С воем здоровяк отскакивает, роняя оружие. Но подобрать его хозяину не успеть – на подходе еще один, на сей раз с палашом. Размашистые удары кроят воздух, отхватывая от него тугие неровные ломти. Это не шпага, такую оглоблю поди отрази. Хозяин, конечно, пытается, всякий раз спуская чужое лезвие вдоль своего клинка, но я чую, как уже гудит у него предплечье, как каждый удар сушит кисть. Зато этот почти не смотрит вниз! Я прыгаю на него сбоку-сзади, он замечает, пытается отмахнуться, но клинок-то у него в правой руке, а я захожу слева. Будь у него дага, пришлось бы мне несладко, а так я вцепляюсь в перчатку передними лапами и подтягиваюсь по руке, словно по бревну, немилосердно пластая когтями и ткань рубахи (плащ давно сброшен), и незащищенную кожу под ней. До горла не успеваю, потому запускаю клыки в широкую мускулистую складку у подмышки, словно в спинку верткого сазана. Мои зубы созданы, чтобы удерживать, а не рвать, но если я уж пускаю их в ход не на охоте, а в драке, раны бывают очень неприятными. И этот, с палашом, лица которого я даже не разглядел, только пышные черные усы, полностью почувствовал, что такое укус боевой выдры. Я ведь не просто рванул зубами – я повис на них всем своим немалым весом, так что его и повело, и развернуло.

Ну же, хозяин!

Он понял – и весь скользнул вдоль вражьего клинка, о котором противник забыл на полвздоха, ослепленный болью. Тяжелый кинжал ударил. Метил хозяин явно в глотку, но промазал. А, может, черноусый в последний миг попытался отпрянуть. В итоге лезвие ударило около ключицы – и вышло в полугокте от моей морды. Я разжал зубы и шлепнулся на хвост, пытаясь проморгаться от чужой крови: мастер, выдергивая оружие, таки прошелся лезвием по вражьей шее.

Моргаю раз, другой, третий – пелена с глаз уходит, и сквозь тонкую розовую пленку вижу, что теперь хозяин вооружен как следует: в правой – трофейный палаш, в левой – дареный кинжал. Вообще, конечно, биться чужим оружием – последнее дело, но другого-то нет. А еще вижу на его левом плече длинный и обильно кровящий порез. Плохо, с такой раной он долго не продержится.
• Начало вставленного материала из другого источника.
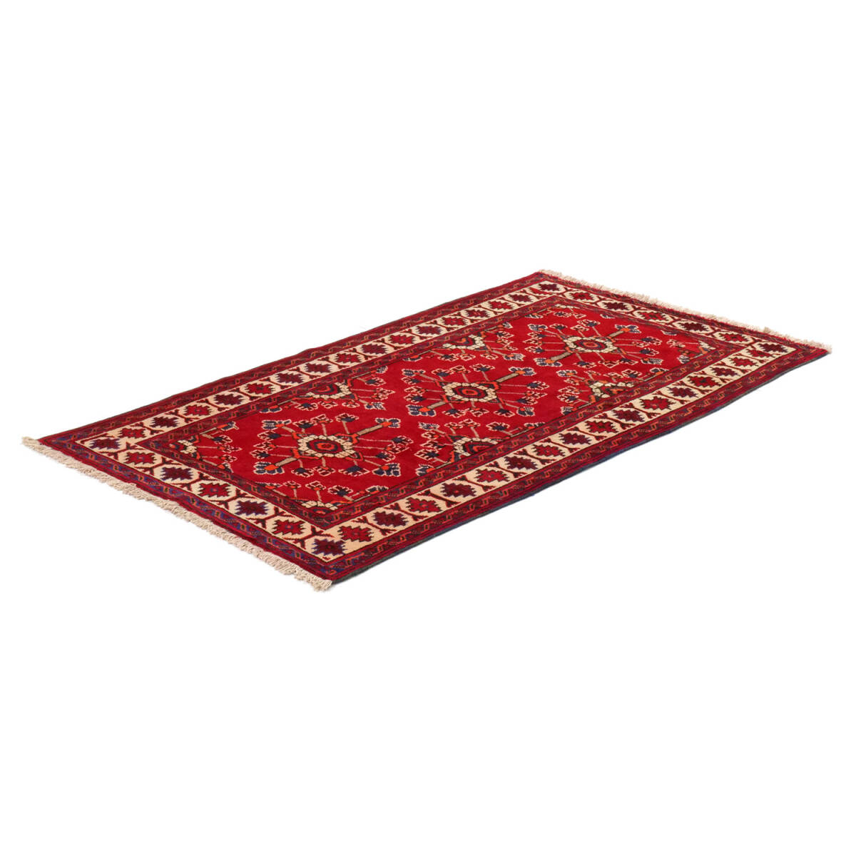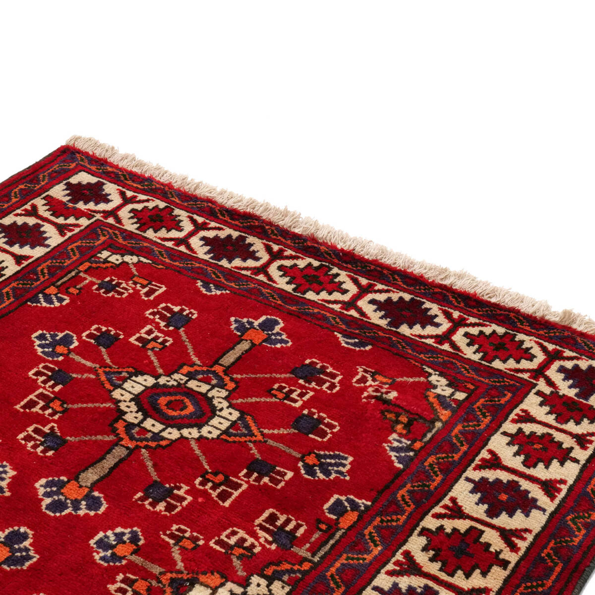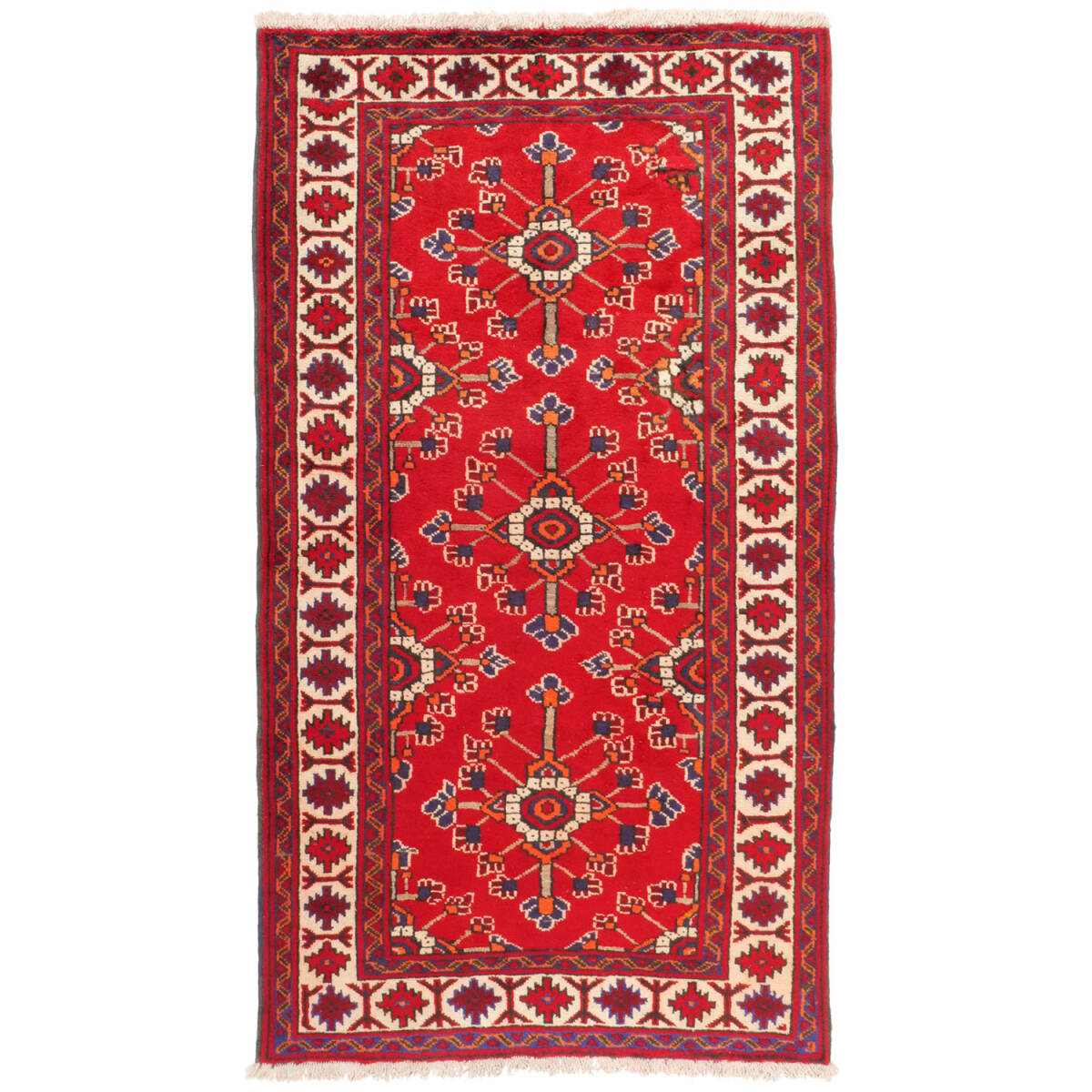 1960年代に制作されたフェルドゥース産のセミアンティークラグです。中央には連続するミナハニ文様が配され、花々が格子状に繋がる構図は、調和と華やぎを兼ね備えています。細部には小花モチーフも織り込まれ、繊細な意匠が際立つ一枚です。

— Безрукие! – слышится голос из глубины парка. Это тот, кому хозяин кишки скрутил. Он уже встал с земли и вытирает блевотину с черной бороды.

А вот это уже совсем скверно! Охромевший от хозяйского удара кудряш отошел уже шагов на двадцать – и теперь, стоя на безопасном расстоянии заряжал арбалет. Больная нога ему мешала, не давала толком упереться в стремя, а то б кто-то из нас уже давно схлопотал бы болт. Мешал, кажется, и хозяин – но это все, что он мог сейчас сделать. Когда маг ранен, даже чуть-чуть, это ему здорово портит ворожбу – «нарушена целостность», вот как это называется. У мастера она сейчас была нарушена здорово. Может, еще сумеет сбить прицел — хотя что там сбивать, на таком-то детском расстоянии… Ох, как скверно.

— Давай, чтоб не насмерть, — скомандовал бородач знакомым, хоть и изменившимся за столько лет голосом. – В плечо бей, чтоб нам потом его на себе не тащить.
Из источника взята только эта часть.